その先に、夢や希望を見出すことのない、中途半端な日々の繰り返しをなんとか打開したいのだけれど……と思っても、現状は厳しく感じました。
そんなある日のこと、大どんでん返しが起きました!
シェルを預けているクラブから、馬房が空くんですけれど、どうしますか? と言われたのです。
実は、後から知ったのですが、馬房が空く順番待ちをしている馬も何頭かいるようで、以前、馬房が空くならあーこを移動させたい、と言っていたことが、クラブ側としては順番待ちリストに入れてもらえていたようで、無駄じゃなかったのです。
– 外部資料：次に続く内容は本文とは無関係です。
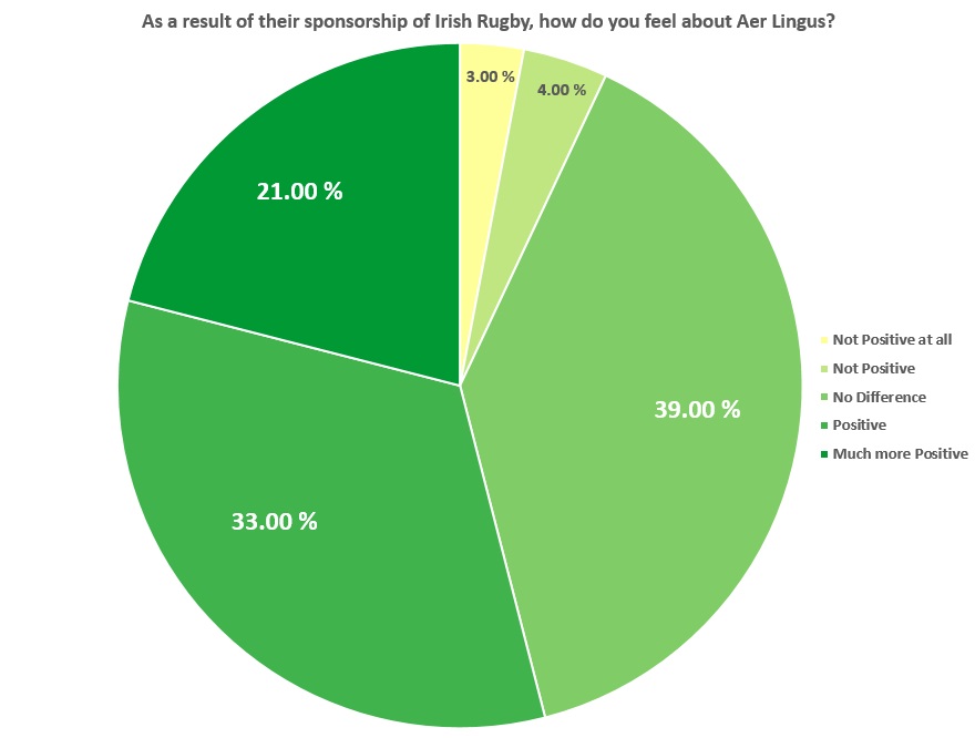 “Already the positive effects of the partnership and activations are taking root. 54% of fans say they feel more positively towards the brand as a result of the sponsorship – which is higher than any other sponsor of the Irish rugby team. Only 7% of people state that they feel more negative towards the brand,” notes the report.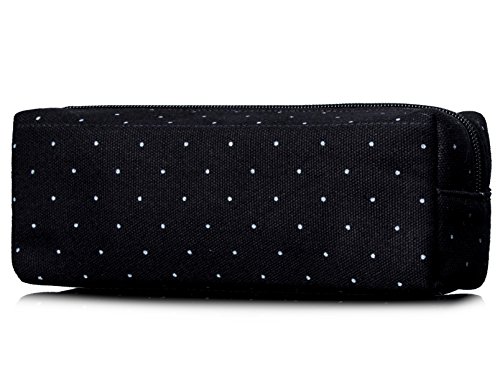 Students Pencil Case, Cute Canvas Women Zipper Pencil Pouch Pen Bag for Kids Black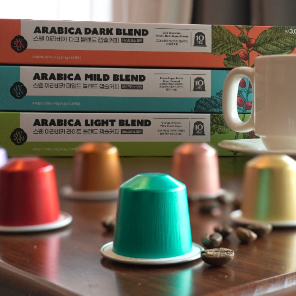 다이소가 이번엔 ‘스웬 캡슐커피’라는 제품을 내놓으며 캡슐커피 시장까지 진출했습니다. 다이소 캡슐커피는 '게이샤 블렌드'와 '아라비카 블렌드' 2가지인데요. 콜롬비아, 과테말라, 에티오피아 또는 라이트, 마일드, 다크 등으로 다양한 맛을 선택할 수 있어요. '게이샤 블렌드'가 캡슐 10개에 5000원이고, '아라비카 블렌드'는 캡슐 10개에 3000원으로 1개당 300~500원이라 타사 제품보다 60%가량 저렴합니다.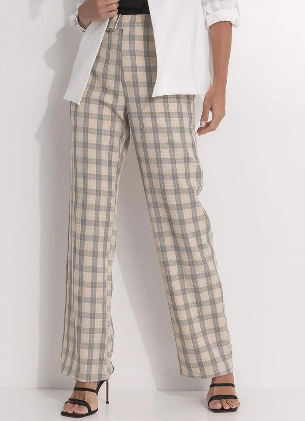 Quintess - Calça Xadrez Bege em Alfaiataria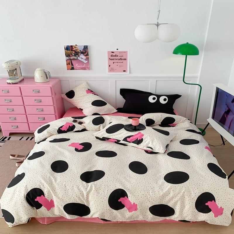 吾二家居 純棉 波點兔 玫紅 單人 可愛 床包組 雙人床包 加大雙人 ins風 ikea風 台灣出貨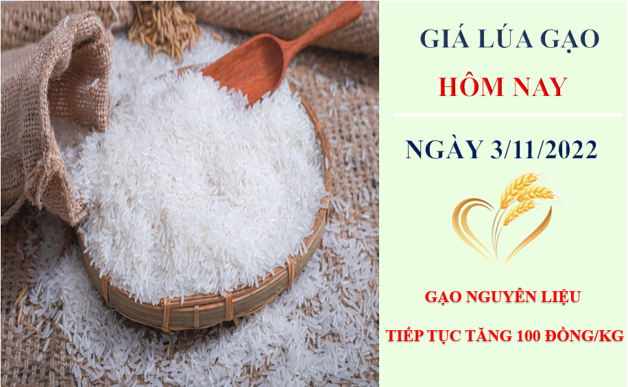 | Giá lúa gạo hôm nay 31/10/2022: Giá lúa gạo neo ở mức cao Giá lúa gạo hôm nay 1/11/2022: Giá gạo tăng 150 đồng/kg Giá lúa gạo hôm nay 2/11/2022: Giá gạo nguyên liệu tăng trở lại |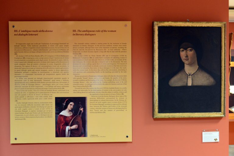 L’esposizione illustra la parabola della donna, che nel corso del secolo viene elogiata come “dea del cielo”, mentre a fine secolo verrà posto l’accento sulla sua condizione di “figlia di Eva”. Infatti tra la fine del Cinquecento e gli inizi del Seicento, l’atmosfera cambia. Dopo il Concilio di Trento, conclusosi nel 1563, mentre impallidisce il modello delle corti signorili, in letteratura l’atteggiamento misogino diventa più frequente.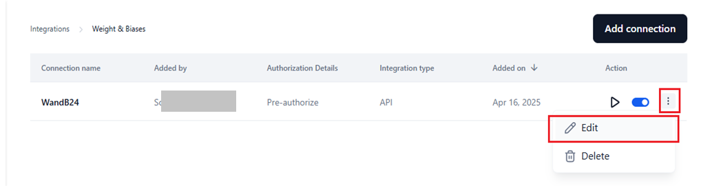 You can view, edit, delete, and perform additional actions with connected integrations to your account in the Connected section.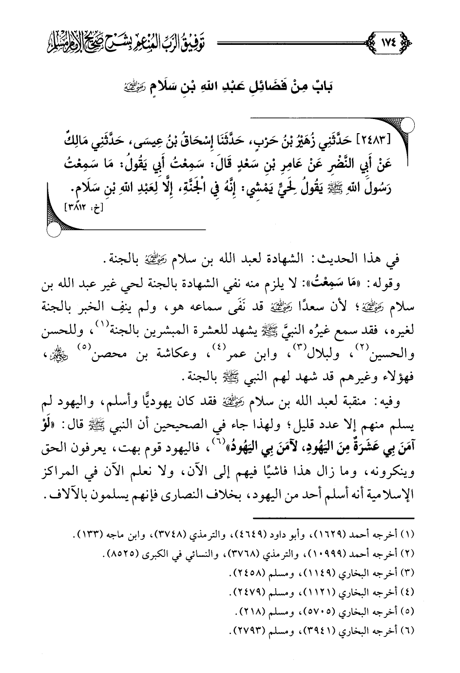 [٢٤٨٣] حَدَّثَنِي زُهَيْرُ بْنُ حَرْبٍ، حَدَّثَنَا إِسْحَاقُ بْنُ عِيسَى، حَدَّثَنِي مَالِكٌ عَنْ أَبِي النَّضْرِ عَنْ عَامِرِ بْنِ سَعْدٍ قَالَ: سَمِعْتُ أَبِي يَقُولُ: مَا سَمِعْتُ رَسُولَ اللَّهِ صلى الله عليه وسلم يَقُولُ لِحَيٍّ يَمْشِي: إِنَّهُ فِي الْجَنَّةِ، إِلَّا لِعَبْدِ اللَّهِ بْنِ سَلَامٍ.

即答でお願いします! と言ったものの、その後、少し迷いました。
YouTubeのファンの人は、フレンドファームで自由に過ごすあーこの姿を喜んでいる。応援してくれている。
乗馬クラブで乗馬を続けることを望んでくれるだろうか?
さらに、今まで自由な放牧生活を送っていたあーこが、再び、放牧の時間があるとはいえ、多くの時間を馬房で過ごす生活に、馴染めるだろうか?
乗馬として乗って、ハードワークにならないだろうか?
様々な不安がありました。
再び、以前の心を病んだあーこに戻ってしまうのでは?
でも、もうこんなチャンスは2度と来ない。
あーこと再び前に進むためにも、このチャンスを逃してはならない。
馬房が空く理由は、なんとも不思議なものでした。
引退する馬の後に入る予定だった馬は、競走馬として生を受けた馬でした。
が、オーナーさんが「もう競走馬はいい、余生は穏やかに過ごしてほしい」と言い出して、育成にも行かず、母馬と共に養老牧場に置かれていたのです。
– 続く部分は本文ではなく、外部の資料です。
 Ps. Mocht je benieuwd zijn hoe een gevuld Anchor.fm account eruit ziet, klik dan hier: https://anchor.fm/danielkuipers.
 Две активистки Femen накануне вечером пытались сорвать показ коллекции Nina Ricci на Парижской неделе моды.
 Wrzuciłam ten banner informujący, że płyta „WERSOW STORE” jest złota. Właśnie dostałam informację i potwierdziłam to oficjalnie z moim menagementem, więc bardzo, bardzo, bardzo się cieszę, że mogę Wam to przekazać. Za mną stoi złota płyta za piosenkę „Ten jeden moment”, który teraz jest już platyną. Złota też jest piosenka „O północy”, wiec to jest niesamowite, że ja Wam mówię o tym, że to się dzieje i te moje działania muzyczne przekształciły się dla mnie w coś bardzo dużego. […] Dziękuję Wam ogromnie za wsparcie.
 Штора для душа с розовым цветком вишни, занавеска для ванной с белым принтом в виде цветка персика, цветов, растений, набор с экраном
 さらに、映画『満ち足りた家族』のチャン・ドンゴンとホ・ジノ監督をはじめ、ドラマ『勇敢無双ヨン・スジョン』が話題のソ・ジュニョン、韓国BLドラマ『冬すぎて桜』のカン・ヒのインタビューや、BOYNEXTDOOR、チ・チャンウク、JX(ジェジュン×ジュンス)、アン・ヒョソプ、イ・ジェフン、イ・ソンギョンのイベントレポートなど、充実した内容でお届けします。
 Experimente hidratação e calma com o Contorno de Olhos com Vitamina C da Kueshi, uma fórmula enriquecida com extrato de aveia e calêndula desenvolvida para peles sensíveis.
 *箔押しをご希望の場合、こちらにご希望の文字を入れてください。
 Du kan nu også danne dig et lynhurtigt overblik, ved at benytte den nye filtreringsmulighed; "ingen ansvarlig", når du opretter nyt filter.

最低限の人の手しか入っていない馬を、今度は孫に乗せたいと言い出し、バリバリ新馬をなんともできない養老牧場は、乗馬クラブにその馬を入れて調教してもらうことにした、ところがやはりオーナーさんが、乗馬クラブに入れるのは嫌だ、と言い出して、キャンセルとなったらしいのです。
また聞きで繋いだ情報を勝手に推測しての話なので、正確ではないかも知れませんが……まぁ、なんとも、馬は人の気持ちに振り回されてしまうというか、ちょっとかわいそうではあります。
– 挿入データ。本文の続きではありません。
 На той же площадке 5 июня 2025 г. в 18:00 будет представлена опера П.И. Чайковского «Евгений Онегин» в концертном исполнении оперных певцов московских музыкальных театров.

自然の中でのびのび育てば、優しい従順な馬に育つ……そう信じている人は多いです。
でも、その中でも、人との関わりや付き合い方を学ばなければ、手のつけられない野生馬になってしまう、馬を扱う人の努力があってこそ、なのです。
その仔馬の将来を思えば、なんだか不安しかないのですが、それはそれ、とりあえず、あーこのためにはいい方向に転んだのでした。